+++ Material for this task
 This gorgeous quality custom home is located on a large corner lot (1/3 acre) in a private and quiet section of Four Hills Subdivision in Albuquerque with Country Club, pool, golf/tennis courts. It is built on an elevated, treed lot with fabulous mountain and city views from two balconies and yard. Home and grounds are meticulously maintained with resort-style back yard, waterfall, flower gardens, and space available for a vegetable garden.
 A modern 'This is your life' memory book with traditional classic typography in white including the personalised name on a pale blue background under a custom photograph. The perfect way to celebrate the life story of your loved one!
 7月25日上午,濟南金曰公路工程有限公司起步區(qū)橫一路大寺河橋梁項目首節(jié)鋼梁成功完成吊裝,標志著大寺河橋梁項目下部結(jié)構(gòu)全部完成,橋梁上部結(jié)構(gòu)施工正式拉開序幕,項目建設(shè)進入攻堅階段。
++++++
+++ Material for this task
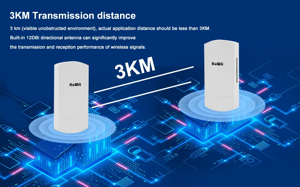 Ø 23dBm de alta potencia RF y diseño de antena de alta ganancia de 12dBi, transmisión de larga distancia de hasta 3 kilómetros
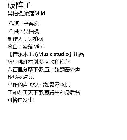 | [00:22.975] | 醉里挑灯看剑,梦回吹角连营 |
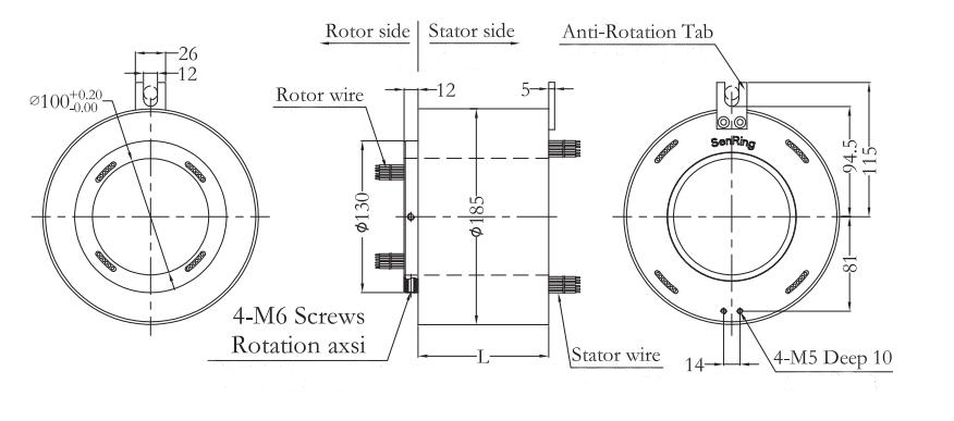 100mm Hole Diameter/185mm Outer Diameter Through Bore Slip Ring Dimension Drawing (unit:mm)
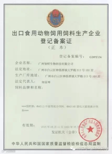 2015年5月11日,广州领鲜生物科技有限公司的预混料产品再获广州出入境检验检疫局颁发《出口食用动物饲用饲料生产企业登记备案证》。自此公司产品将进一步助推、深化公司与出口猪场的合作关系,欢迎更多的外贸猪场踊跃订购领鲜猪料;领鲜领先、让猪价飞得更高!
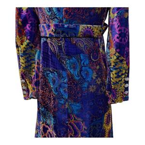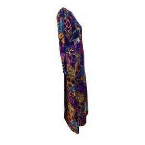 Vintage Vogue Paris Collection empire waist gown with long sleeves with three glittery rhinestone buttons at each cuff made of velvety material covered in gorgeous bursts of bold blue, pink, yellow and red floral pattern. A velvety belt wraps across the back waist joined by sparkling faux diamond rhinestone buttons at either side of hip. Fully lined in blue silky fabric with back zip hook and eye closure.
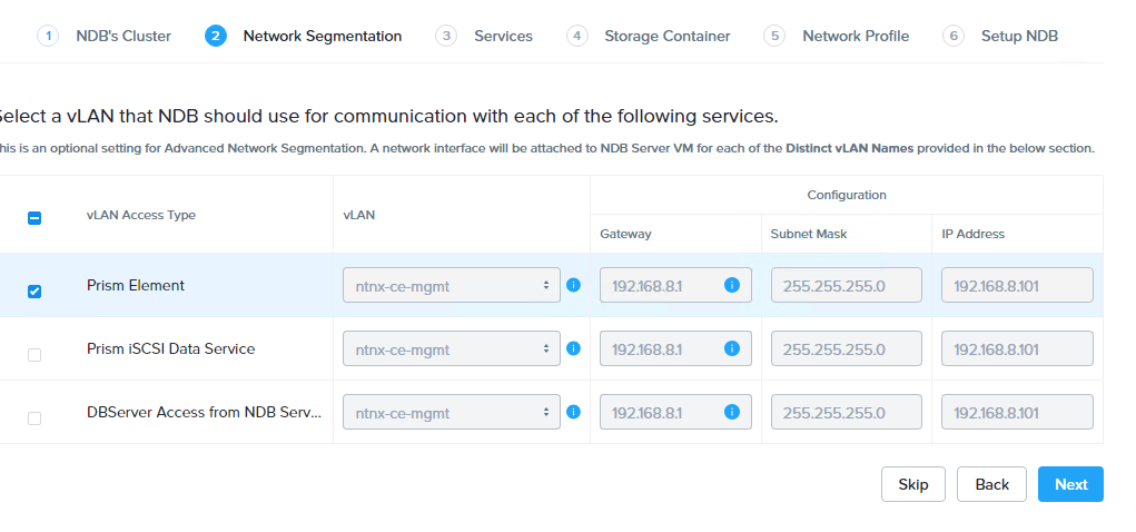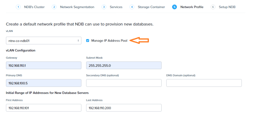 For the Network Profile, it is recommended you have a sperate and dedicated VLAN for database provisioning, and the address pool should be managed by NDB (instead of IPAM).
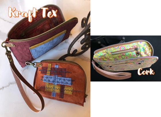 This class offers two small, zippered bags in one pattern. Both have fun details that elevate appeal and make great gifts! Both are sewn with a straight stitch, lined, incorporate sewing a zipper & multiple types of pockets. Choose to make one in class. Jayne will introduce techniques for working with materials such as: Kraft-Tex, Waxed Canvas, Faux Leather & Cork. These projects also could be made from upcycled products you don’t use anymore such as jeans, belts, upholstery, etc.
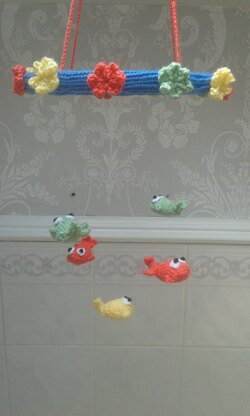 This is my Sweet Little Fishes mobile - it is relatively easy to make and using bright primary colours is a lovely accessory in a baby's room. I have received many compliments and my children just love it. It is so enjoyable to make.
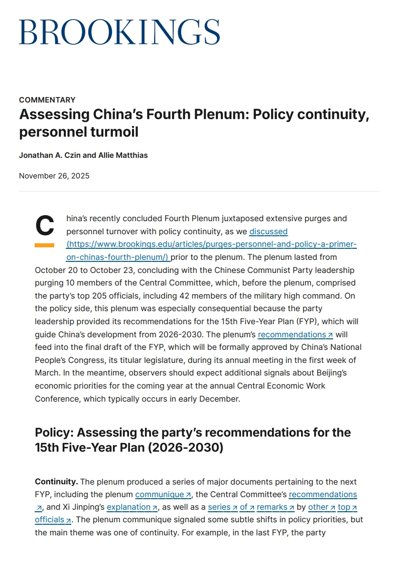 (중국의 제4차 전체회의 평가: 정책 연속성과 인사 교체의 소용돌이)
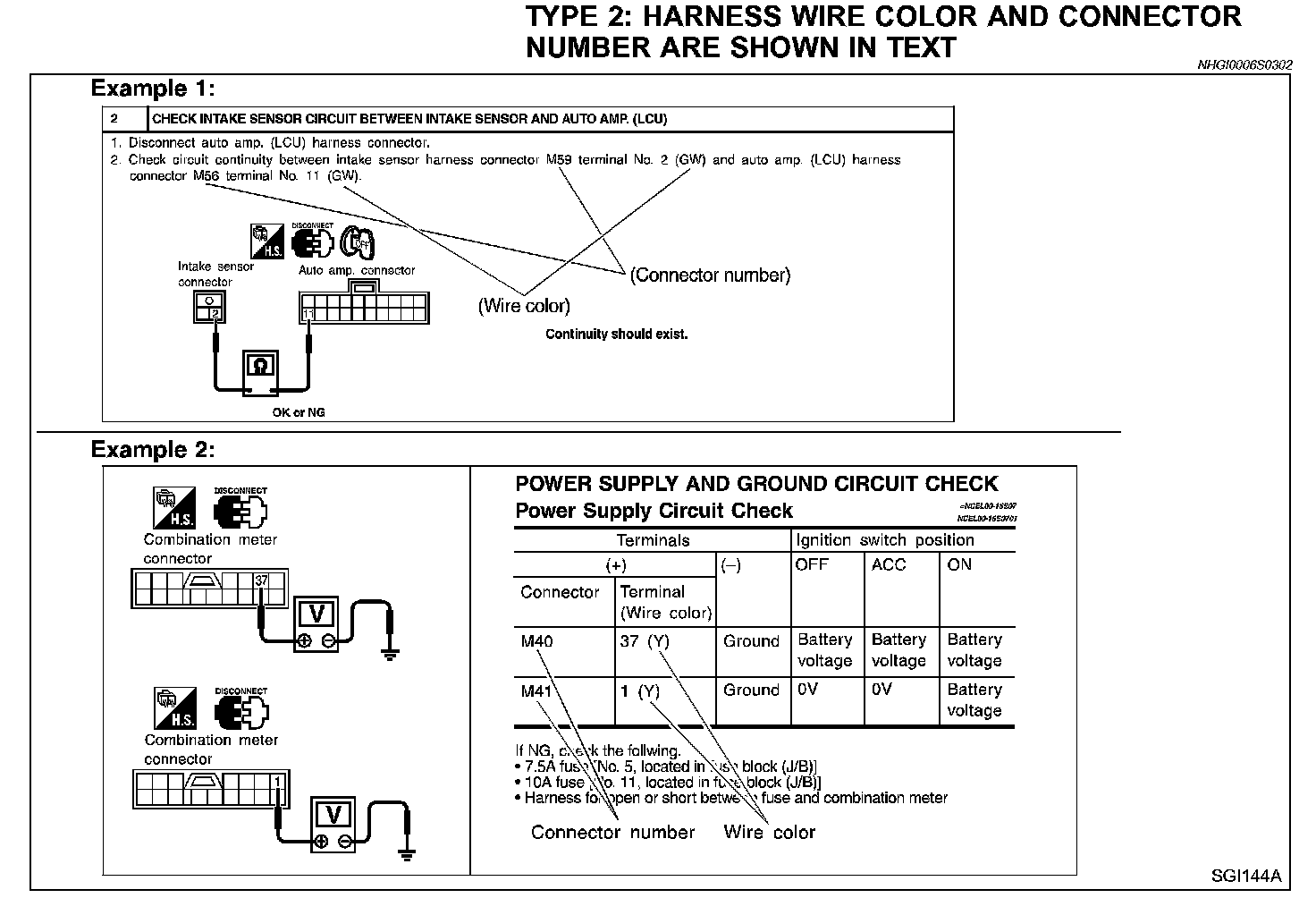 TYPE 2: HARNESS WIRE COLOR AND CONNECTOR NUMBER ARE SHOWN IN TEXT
++++++
+++ Material for this task
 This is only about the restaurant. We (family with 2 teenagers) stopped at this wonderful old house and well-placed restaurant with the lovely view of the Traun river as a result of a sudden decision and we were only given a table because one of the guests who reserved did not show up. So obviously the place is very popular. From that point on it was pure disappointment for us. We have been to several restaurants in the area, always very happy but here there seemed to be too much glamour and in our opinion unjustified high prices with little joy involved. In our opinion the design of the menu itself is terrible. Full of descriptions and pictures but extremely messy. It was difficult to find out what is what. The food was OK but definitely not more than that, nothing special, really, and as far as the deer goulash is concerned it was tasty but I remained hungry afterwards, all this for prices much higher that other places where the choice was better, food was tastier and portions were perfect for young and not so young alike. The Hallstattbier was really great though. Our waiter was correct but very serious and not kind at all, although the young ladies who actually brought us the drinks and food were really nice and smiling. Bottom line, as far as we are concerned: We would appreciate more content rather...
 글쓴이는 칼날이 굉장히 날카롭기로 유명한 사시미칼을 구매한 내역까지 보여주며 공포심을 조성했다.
++++++
* _What you have to do_:
When a line of the material holds the string "custom", copy that line.

* _Completed exercise_:
 This gorgeous quality custom home is located on a large corner lot (1/3 acre) in a private and quiet section of Four Hills Subdivision in Albuquerque with Country Club, pool, golf/tennis courts. It is built on an elevated, treed lot with fabulous mountain and city views from two balconies and yard. Home and grounds are meticulously maintained with resort-style back yard, waterfall, flower gardens, and space available for a vegetable garden.
 A modern 'This is your life' memory book with traditional classic typography in white including the personalised name on a pale blue background under a custom photograph. The perfect way to celebrate the life story of your loved one!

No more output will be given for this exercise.